San Diego's Best New Museums, Galleries, and Performing Arts Venues

The capital of sun and surf is riding the crest of a cultural wave.

The Rady Shell orchestra performance space in San Diego
The Rady Shell, a new performance space for the San Diego Symphony Orchestra. Photo: John Francis Peters

In 1996, the San Diego Symphony Orchestra filed for bankruptcy. Frankly, no one was really surprised. California's third-largest metropolitan area, the home of the state's oldest Spanish mission and its youngest baseball team, had never been known as a center of culture. In many ways, it still isn't: beach volleyball, yes; craft beer, yes; braised-beef tacos, absolutely. But art, music, design? Not in Ron Burgundy's town.

And yet without losing its sandy, sun-damaged charm, San Diego is stepping up its game, and is now home to several impressive new cultural venues.

This summer, right on the scenic waterfront, acclaimed conductor Rafael Payare will lead the SDSO in a series of performances at the Rady Shell, a captivating bubble of a building that seems to float on the gentle harbor tide. "That's the beauty of being on the marina," says Payare, who's been packing the bandshell since its debut last August. "People can be out for their morning jogs and stop to listen." Revived in the early 2000s, the orchestra is now doing better than ever — and just announced plans to begin a $125 million restoration of its historic 1929 home downtown, the Jacobs Music Center.

Two photos showing arts and culture facilities in San Diego, California
From left: A performance space at the Mingei International Museum; Pleasure Point, a 2006 sculpture by Nancy Rubins, at the Museum of Contemporary Art San Diego in La Jolla. From left: Nic Lehoux; Ian White

From the Rady Shell, visitors can make use of the newly expanded trolley system to get to the Mingei International Museum, which houses one of the country's most remarkable collections of folk art and crafts. The Mingei just completed a $55 million renovation, transforming its aging Spanish Mission–style building in Balboa Park into a radiant, ultramodern showcase.

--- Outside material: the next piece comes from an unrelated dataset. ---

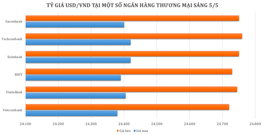 Trước đó, trong phiên 29/4, Ngân hàng Nhà nước (NHNN) niêm yết tỷ giá trung tâm ở mức 24.956 VND/USD, giảm nhẹ 4 đồng so với phiên đầu tuần. Tỷ giá mua giao ngay được niêm yết ở mức 23.759 VND/USD, cao hơn 50 đồng so với tỷ giá sàn; tỷ giá bán giao ngay được niêm yết ở mức 26.153 VND/USD, thấp hơn 50 đồng so với tỷ giá trần.

The architect overseeing the project, Jennifer Luce, is a longtime San Diegan, and she turned to a group of distinguished friends to help equip the museum with one-of-a-kind fixtures and furniture, including tactile wooden benches by New York–based architect Billie Tsien and translucent curtains by Dutch textile designer Petra Blaisse. "I had an intuitive desire to integrate art and architecture," Luce says.

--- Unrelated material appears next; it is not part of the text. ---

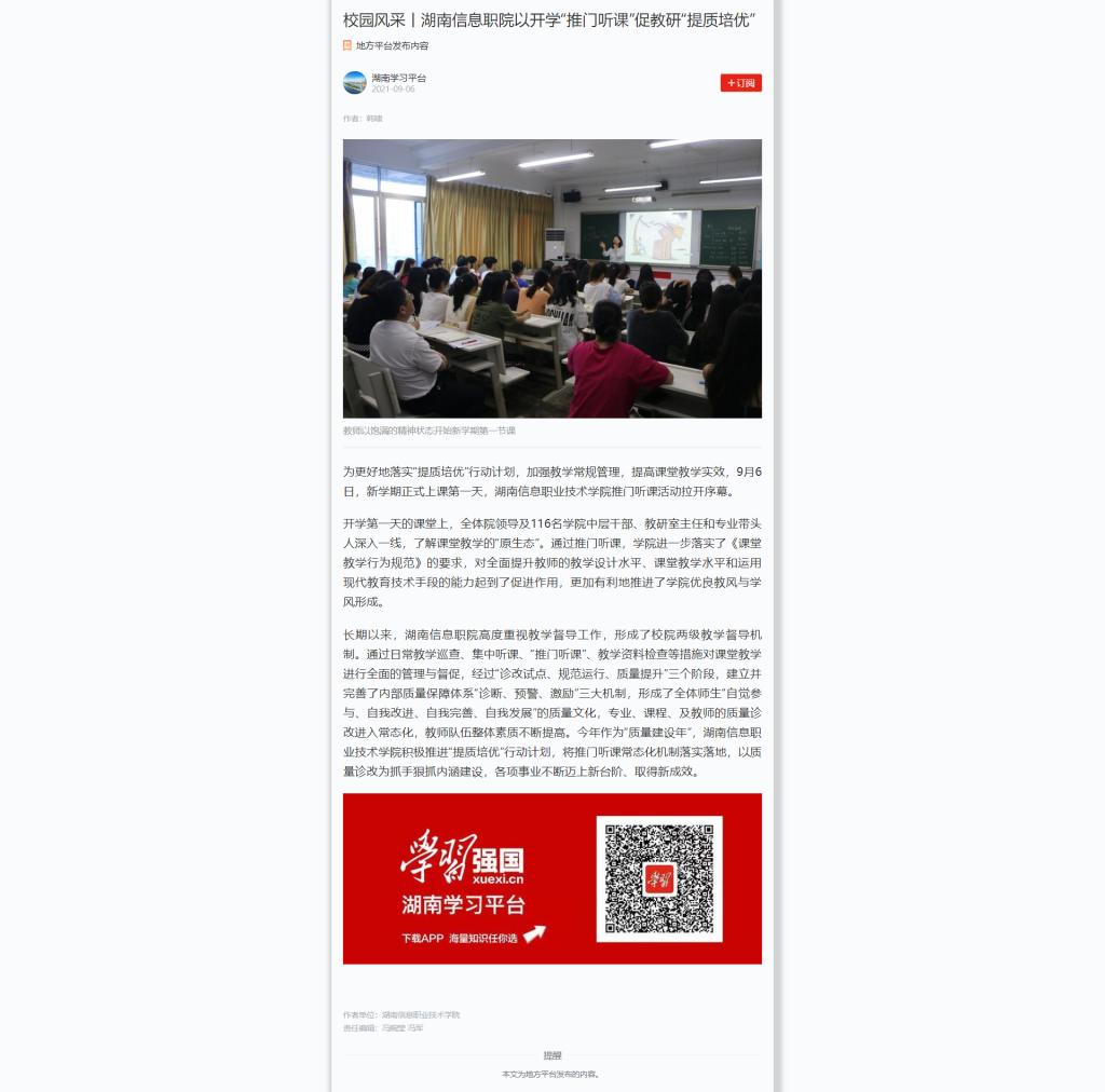 9月6日,学习强国发布《校园风采丨湖南信息职院以开学“推门听课”促教研“提质培优”》。

Her impulse feels like the perfect response to the genre-busting work on display. The 25,000 objects at Mingei also seem to have informed the building's overall openness and accessibility. The ground floor has an elegant bar and restaurant and serves as a public gathering space that connects two sections of Balboa Park. "We want to invite in people who don't normally go into museums," Luce says.

Just a little farther up the coast, in the tony enclave of La Jolla, yet another museum is poised to help with the city's artistic maturation. After a lengthy closure, the Museum of Contemporary Art San Diego opened this spring in a building that was dramatically expanded by international architecture heavyweight Annabelle Selldorf. (The museum's downtown outpost, adjacent to the train station, has remained open during the construction.)

A quartet performing on stage at the Conrad Prebys Performing Arts Center in San Diego
The Miró Quartet plays at the Conrad Prebys Performing Arts Center. Michael Godbaum/Courtesy of La Jolla Music Society

When the project started in 2016, Selldorf says, her clients had a very specific objective in mind. "The collectors on the board wanted to say, 'We're not just a local museum. We want to think about culture in a broader way.'" Selldorf's design has given the institution room to do just that, with more than 46,000 square feet of additional exhibition space cascading down a tricky hillside site that faces westward toward the Pacific. Double-height spaces accommodate oversize sculptures (including a few by the late Niki de Saint Phalle, subject of an inaugural exhibition and herself a sometime La Jollan). Overall, the expansion gives MCASD a fresh, up-to-date look — yet harmonizes perfectly with the existing historic structure.

"Like a lot of museums now," Selldorf says, the new-and-improved MCASD "is coming out of this more introverted state, trying to connect with people and show them why art matters." That seems like an especially fitting mission in a place like San Diego, as it begins to assert itself on the regional and global stage.

From dance and music — the Conrad Prebys Performing Arts Center, also in La Jolla, opened in late 2019 — and food (four Michelin-starred restaurants and counting) to international trade and finance (its position strengthened by the proximity of fast-growing Tijuana, Mexico, the two basically functioning now as twin cities), San Diego seems ready to take on the world.

A version of this story first appeared in the June 2022 issue of Travel + Leisure under the headline "San Diego Serenade."